Now I get 2 equations - 4x^2= c^2
and x (1 + (sqrt 3)) = 14
so I get x = 14/ (1 + (sqrt 3))

I plug that in, I get c^2= 4x^2
c^2 = (4 x 196) / (4 + (sqrt 3))
c^2 = 784 / (4 + (sqrt 3))

Now I'm stuck. Can anyone help me?
• Feb 11th 2011, 04:24 PM
picklepie159
And also, for the second question, my mind is blown.(Angry)
Here's all I have.
The two upper triangle's areas add up to equal the triangle on the bottoms' area.

The ratio of the areas between the triangles are : 16/25, 9/16, and 9/25.
Therefore, the ratios of the corresponding sides are their square roots:
4/5, 3/4, and 3/5 are the ratios of proportionality ( I think thats what its called?)

• Feb 11th 2011, 06:20 PM
Soroban
Hello, picklepie159!

Quote:

1, The sum of the diagonals of rhombus $\displaystyle ABCD$ is 28
. . and $\displaystyle \angle CBA = 2(\angle DAB).$

Find the perimeter of the rhombus.

Code:

             A             *           /|\           / | \         / y|  \         /  |  \       /    |    \     B * - - + - - * D       \ x  |    /         \  |  /         \  |  /           \ | /           \|/             *             C

You are correct; we have 30-60 right triangles.

And we have: .$\displaystyle 2x + 2y \:=\:28 \quad\Rightarrow\quad x + y \:=\:14$ .[1]

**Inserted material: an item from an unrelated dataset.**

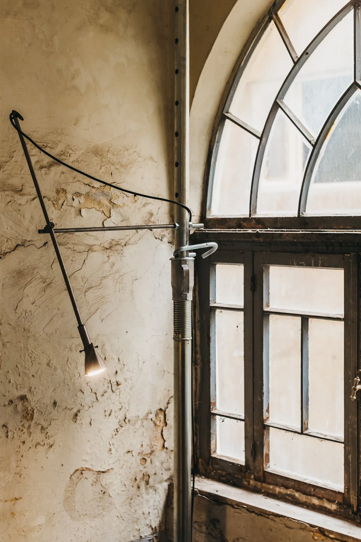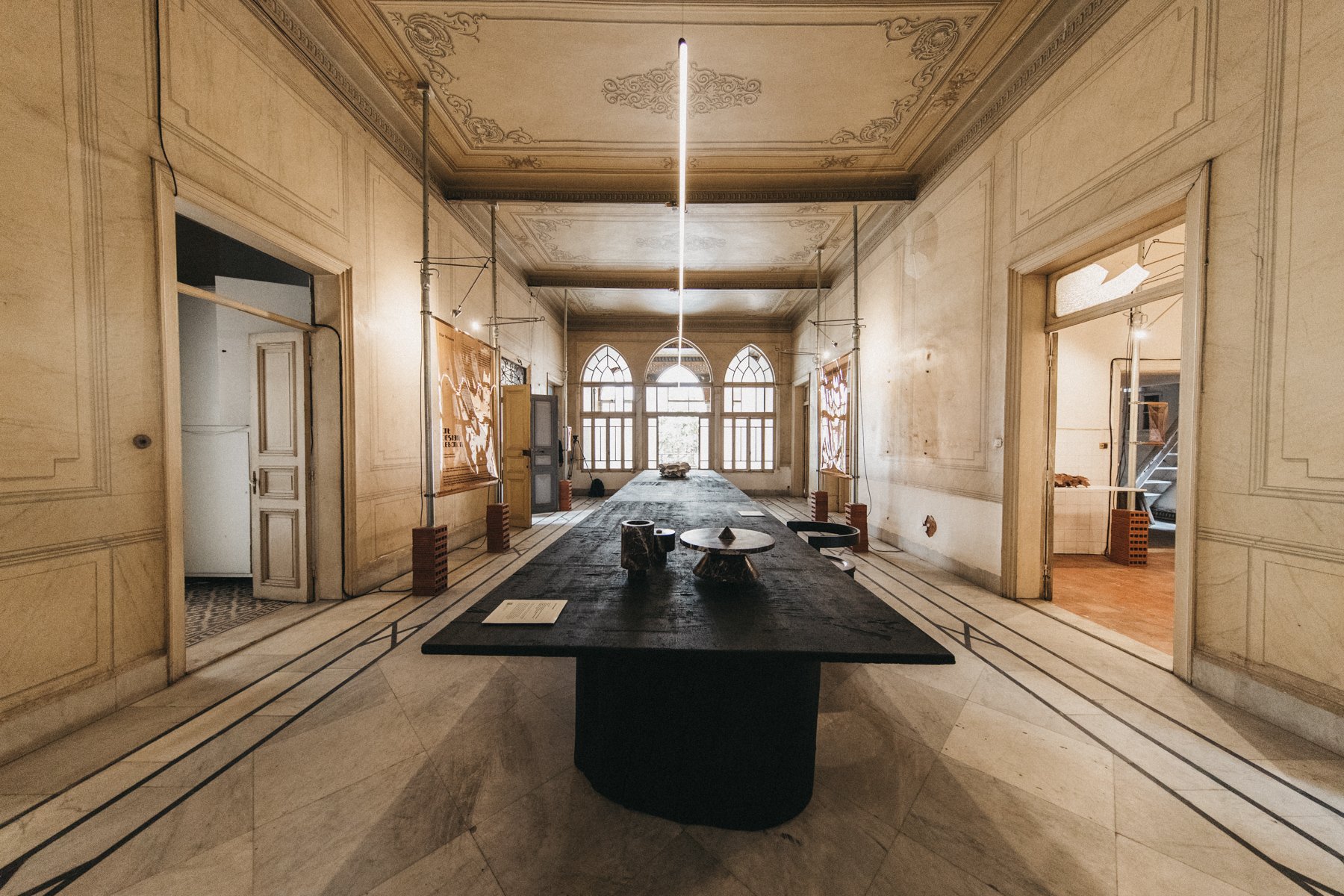 Understanding the unique architecture of the building to be as valuable as the objects on display, the exhibition design is minimalist in its approach, keeping the space as untouched as possible. The building has been cleared of debris – with fragments stored safely for future restoration – but its state of decay remains evident, the effects of history left visible in its fabric. The artworks and design objects from contemporary makers animate its various rooms and spaces, punctuating the building’s original ornamental features.

We also have: .$\displaystyle y \,=\,\sqrt{3}\,x$ .[2]

Substitute [2] into [1]: .$\displaystyle x + \sqrt{3}\,x \:=\:14 \quad\Rightarrow\quad x(1 + \sqrt{3}) \:=\:14$

. . $\displaystyle x \:=\:\dfrac{14}{1+\sqrt{3}} \quad\Rightarrow\quad x\:=\: 7(\sqrt{3}-1)$

Substitute into [2]: .$\displaystyle y \:=\:\sqrt{3}\cdot7(\sqrt{3}-1) \quad\Rightarrow\quad y \:=\:7(3-\sqrt{3})$

Pythagorus says: .$\displaystyle AB^2 \:=\:x^2+y^2$

. . $\displaystyle AB^2 \;=\;\left[7(\sqrt{3}-1)\right]^2 + \left[7(3-\sqrt{3})\right]^2$

. . . . . . $\displaystyle =\;49(3-2\sqrt{3}+1) + 49(9-6\sqrt{3}+3)$

. . . . . . $\displaystyle =\;49(4 - 2\sqrt{3} + 12 - 6\sqrt{3})$

. . . . . . $\displaystyle =\; 49(16-8\sqrt{3}) \;=\;392(2-\sqrt{3})$

. . .$\displaystyle AB \;=\;\sqrt{392(2-\sqrt{3})} \;=\;14\sqrt{4-2\sqrt{3}}$

$\displaystyle \text{Therefore: \,Perimeter}\;=\;4(AB) \;=\;56\sqrt{4-2\sqrt{3}} \;\approx\;41$

• Feb 12th 2011, 11:51 AM
picklepie159
Thanks a lot! I see what I did wrong. I was hoping someone could nudge me along in the right direction for the 2nd question? Thanks!
• Feb 12th 2011, 02:40 PM
Wilmer
1st one is quite simple; seems Soroban took the long way...

we have x = 14 / (1 + sqrt(3))

outer side = 2x (property of 30-60-90 triangle)

so perimeter = 4(2x) = 8x = 112 / (1 + sqrt(3)) = ~41
• Feb 18th 2011, 03:27 AM
Kaloda
the answer in number 2 is 144!
• Feb 18th 2011, 11:29 AM
Wilmer
Agree with 144; easy enough IF XYZ is equilateral triangle:
diagram sure looks so; but not stated.

So assuming 4 equilateral triangles (3 inside lines parallel to sides):
side of XYZ = sum of sides of the other 3;
Formula: SIDE = 2(AREA) / 3^(1/4)

k=3^(1/4), a= areaXYZ side, b=area25 side, c=area16 side, d=area9 side

a = b + c + d : works out to :
a = 2sqrt(25)/k + 2sqrt(16)/k + 2sqrt(9)/k = ~18.236;
Makes area = 144.